Disclosure: I was sent a review copy of this book so that I would post a review on Amazon. The publisher sent me the copy as I had reviewed another book on the Golem story on Amazon.
Review: As the last reviewer provided so much information in his review, this review will try to avoid what was already covered. I thought Vilk's Golem a pretty good pulp fiction-style read; Clive Cussler does Indiana Jones fused with The Dirty Dozen. The story moves very quickly, which maybe reflects Vilk's background in film, and can easily be imagined as a film or graphic novel. As for being an action novel, it reads well that way. I personally liked that it did not get tied down in discussions of weapons, etc. and avoided all the technobabble that is so common to action novels by say Cussler or Clancy. The spare style of little-detail-provided-writing was somewhat like that of Elmore Leonard. As for being a horror novel, the premise reminded me of F. Paul Wilson's The Keep but was different from that novel in that Vilk's Golem reads much more like an action story and thus I would not say it is horrific.
The reason I gave this book four stars rather than five was that I wish there had been more background in it. This might not be the case for every reader but the history buff in me wanted more than Vilk provided. More on the Golem story and how it eventually ties to the story presented would have been a very good addition to the book.

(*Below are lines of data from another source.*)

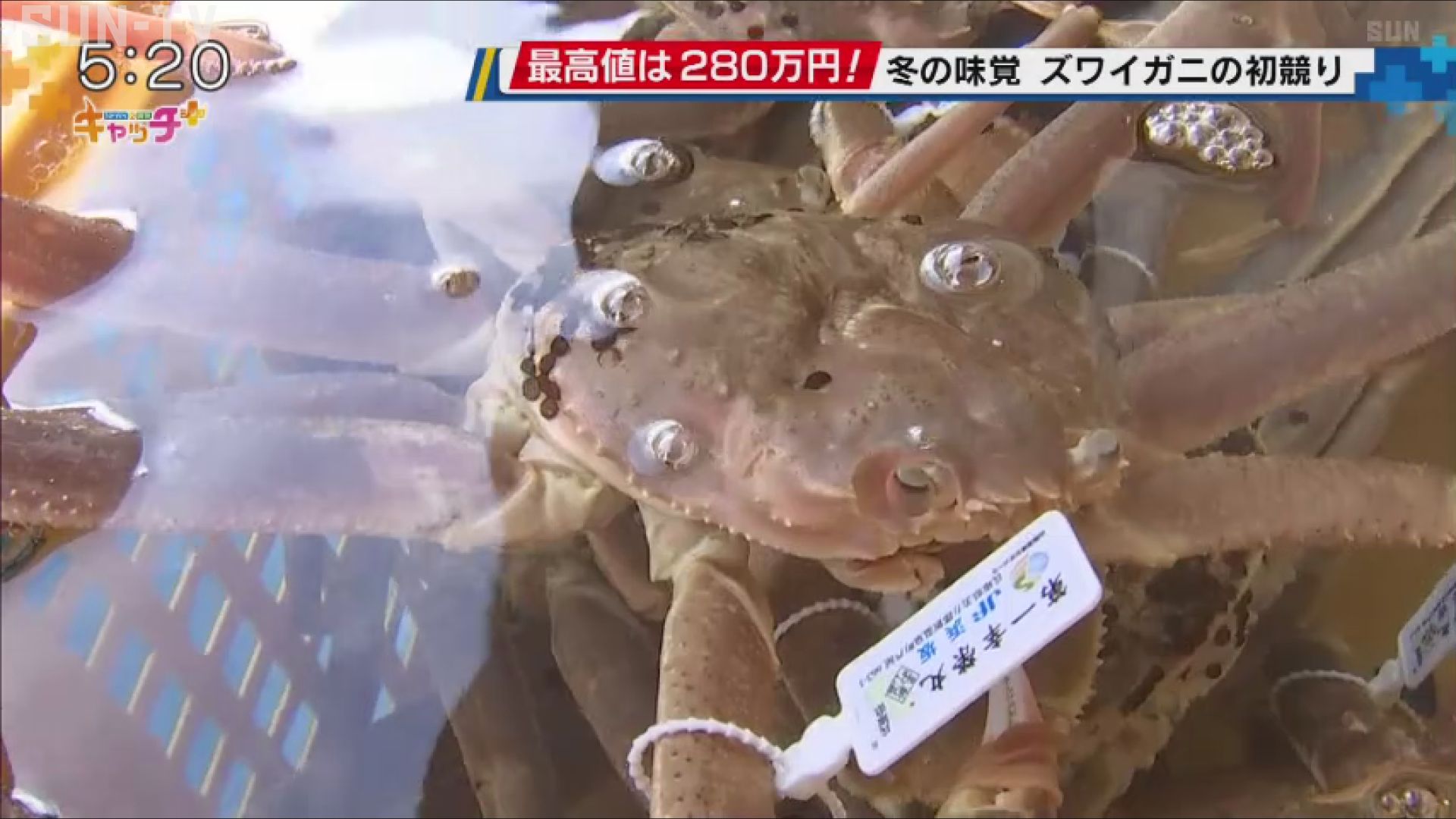 日本海の冬の味覚・「ズワイガニ」の漁が11月6日に解禁され、兵庫県但馬地域の各漁港で初競りが行われました。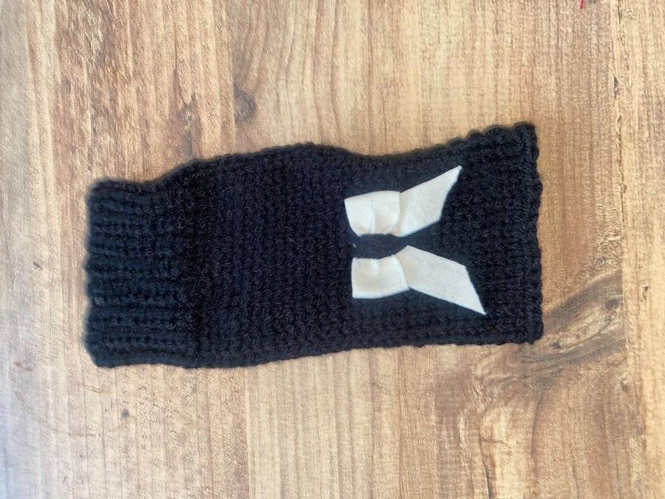 Kız çocukları için siyah örgü eldiven, sade işlemeli fiyonk detayıyla gotik ve temel tarzı birleştiriyor.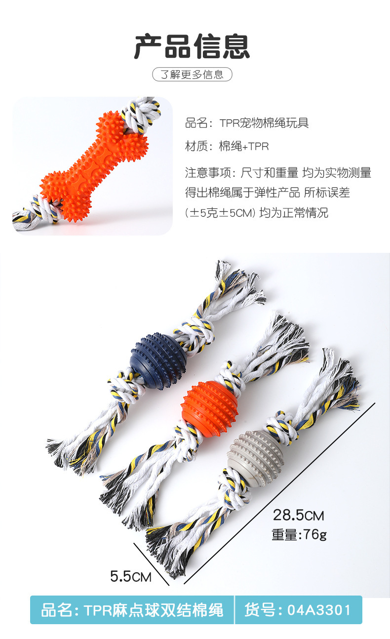 Juguete masticable portátil de cuerda de algodón con forma de hueso pequeño ZTPR, juguete para perros duradero para la dentición, juguete interactivo de entrenamiento para mascotas al por mayor.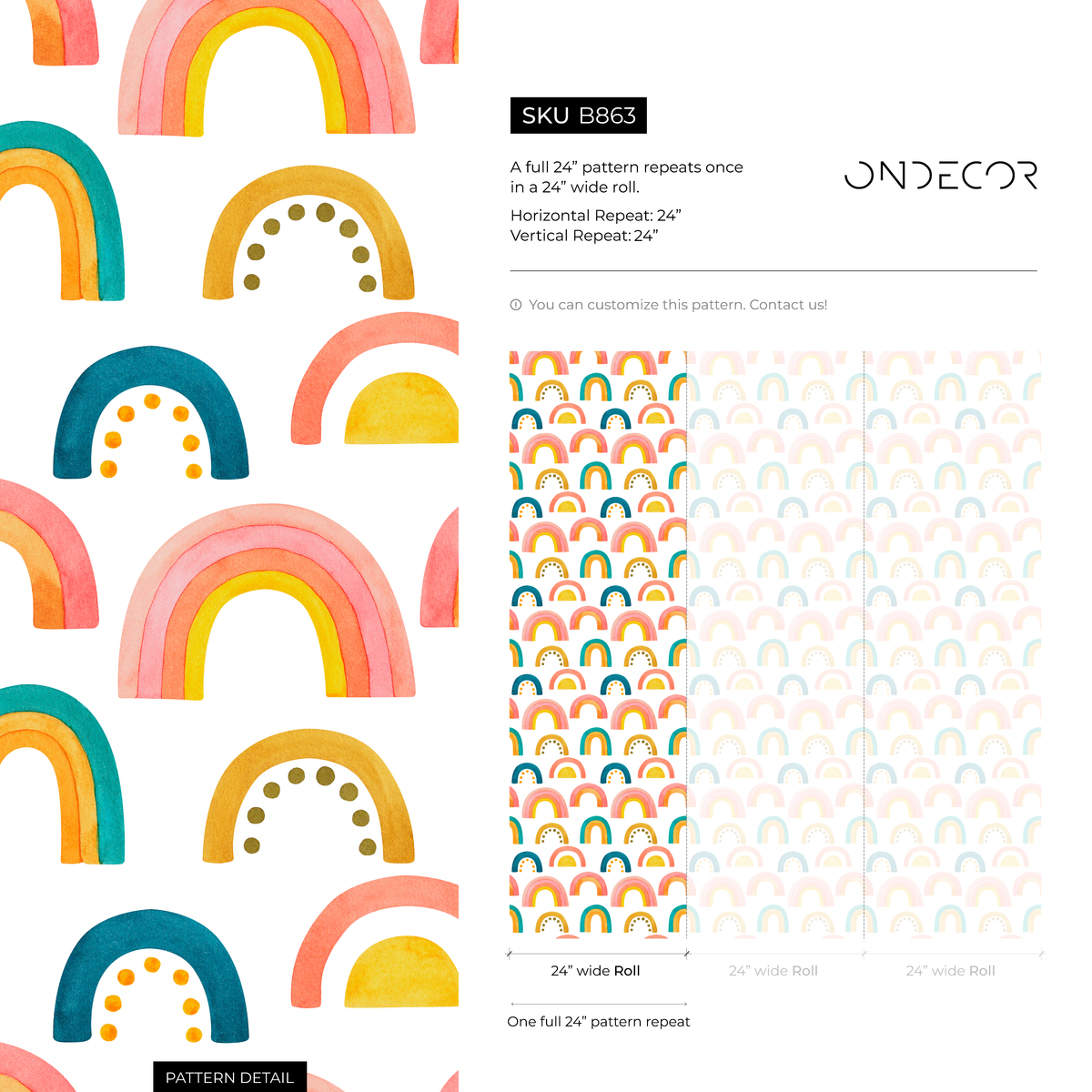 Introduce a touch of cheerful artistry to your home with our Rainbow Wallpaper, featuring a delightful watercolor style. This charming wall decor showcases a pattern of painterly arches in soft pink, sunny yellow, and rich teal, creating a bright and inviting atmosphere. Perfect for transforming a nursery or playroom, this design serves as a stunning piece of wall art that brings warmth and personality to any interior design project.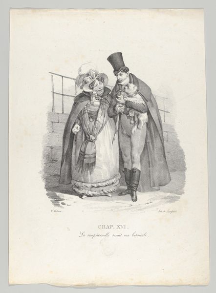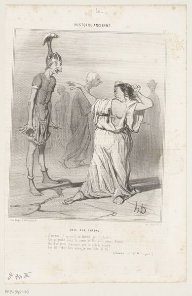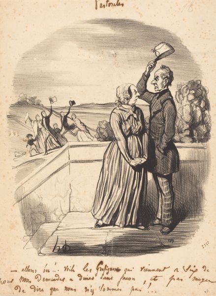 Curator: This lithograph, dating from the 19th century, is by Honoré Daumier. Its title translates to "What, Adelaide, you've bought another… hat…" Editor: The contrast between the frantic, scratchy lines of the figures and the stark white of the background immediately gives a feeling of domestic unease, that sharp back and forth many experience behind closed doors. Curator: Indeed. Daumier was known for his caricatures, his scenes of everyday life infused with social commentary. Here, it appears the subject is consumerism. We see a couple, the woman likely Adelaide, being confronted about yet another hat purchase. The work really invites an exploration into the values assigned to certain objects during that period, as well as an inquiry on class. Editor: The repetition of lines in the woman's bonnet and dress—the layers and curves—evokes this sense of being wrapped in fabric, swaddled in this culture of consumption; a visual prison built of cloth. Also the dark heavy shape in the man's hands and under his arm -- the accusation has a form. Curator: The hat does become almost totemic. Daumier uses lithography—printing from a stone—to capture nuanced details that speaks to the realities of labor and industrialization. Each stroke made contributes meaning, exposing the economic underpinnings of the scene. He is suggesting an entire structure through these characters in the throes of a monetary dispute. Editor: And isn't it fascinating how clothing takes on such symbolic power, becoming not just a garment, but a signifier of identity, wealth, and even discord? Daumier skillfully depicts how such an everyday object—a hat—can trigger such a loaded exchange. Curator: It’s a clever way to portray shifting social mores related to class and gender roles within burgeoning capitalism. And even consumption in modern times! The details of hat and patterned pants reflect on changing approaches to the very basic elements of existence. Editor: Yes, by giving visual form to that unspoken friction, the endless cycle of acquisition and judgment, it becomes, paradoxically, monumental. A quiet tragedy enacted daily. Curator: Daumier used his artistic abilities to expose such tragedies through, in the means of a quickly reproduced artwork. Something worth pondering when faced with the daily routines that makes up the structure of existence. Editor: An evocative look at a universal theme, rendered through telling visual symbols. An echo that continues to resonate, wouldn’t you agree?
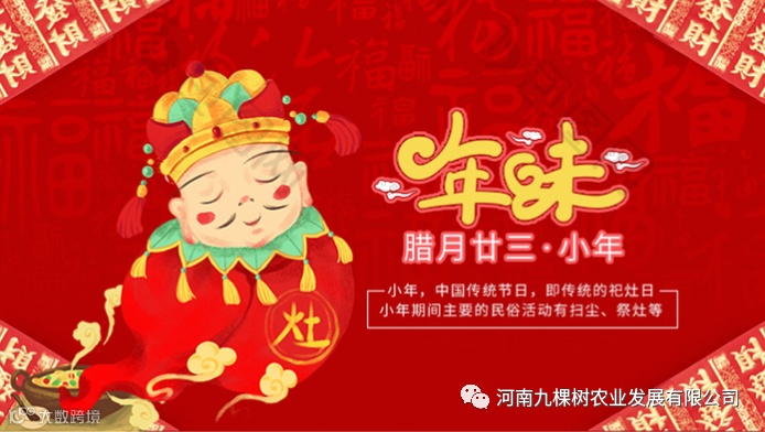 “二十三,灶王爷上了天,二十四,写大字,二十五擂大鼓,二十六炖大肉,二十七宰公鸡,二十八把面发,二十九蒙香斗,三十晚上坐一宿,大年初一街上走。”这熟悉的民谣又一次传入了耳朵,也印在心里。过了小年离春节就更近了,在此九棵树全体员工祝您小年快乐,更祝您在新的一年万事顺意、财源广进!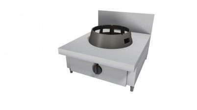Cucina Wok modello da banco realizzata in acciaio inox Aisi 340, dotata di piedini regolabili, piano liscio in acciaio spessore 2.5 mm rinforzati e padella raccogli goccia estraibile sotto i bruciatori.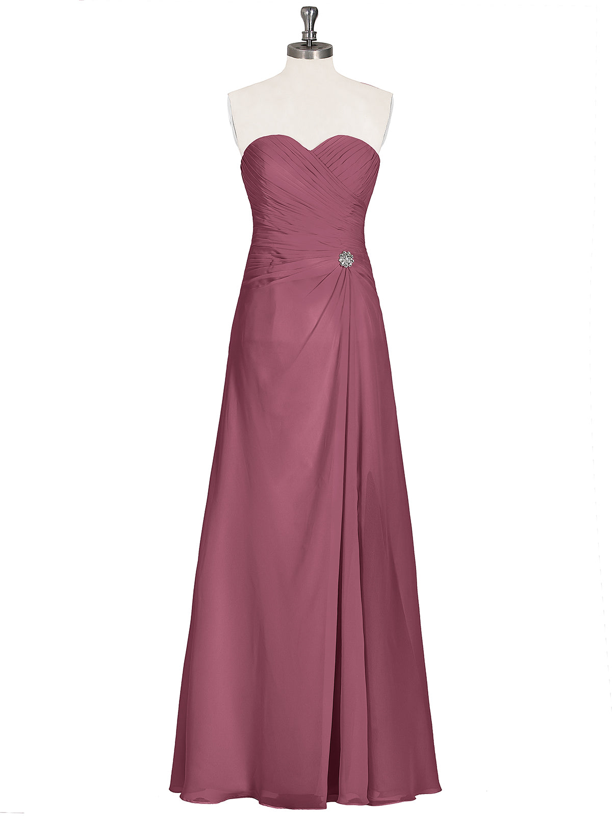 • It features soft, draping pleats with a strapless sweetheart neckline.

I can imagine how the Munich Pact and the like would have led to where the story picks up with the Germans messing around with the Golem in Greenland but I would have liked to read how the author imagined it, either through the actual telling of the story or at least through OSS reports passed on the US Ranger hero. The question of issues for the SS with dealing with something that was so Jewish as the Golem was one that kept coming to my mind and never was resolved. Also, struggles between the SS and German army are mentioned but not as developed as they could have been. These are the things that interest me and thus I wish Vilk had spent more time on them and less on his cipher which I will not be puzzling out. Maybe down the road Vilk will produce an expanded edition of Golem that will address the historical background to his thriller.
The quibbles of the previous paragraph aside, this is the ideal book for anyone in the mood for a pulp fiction Second World War story.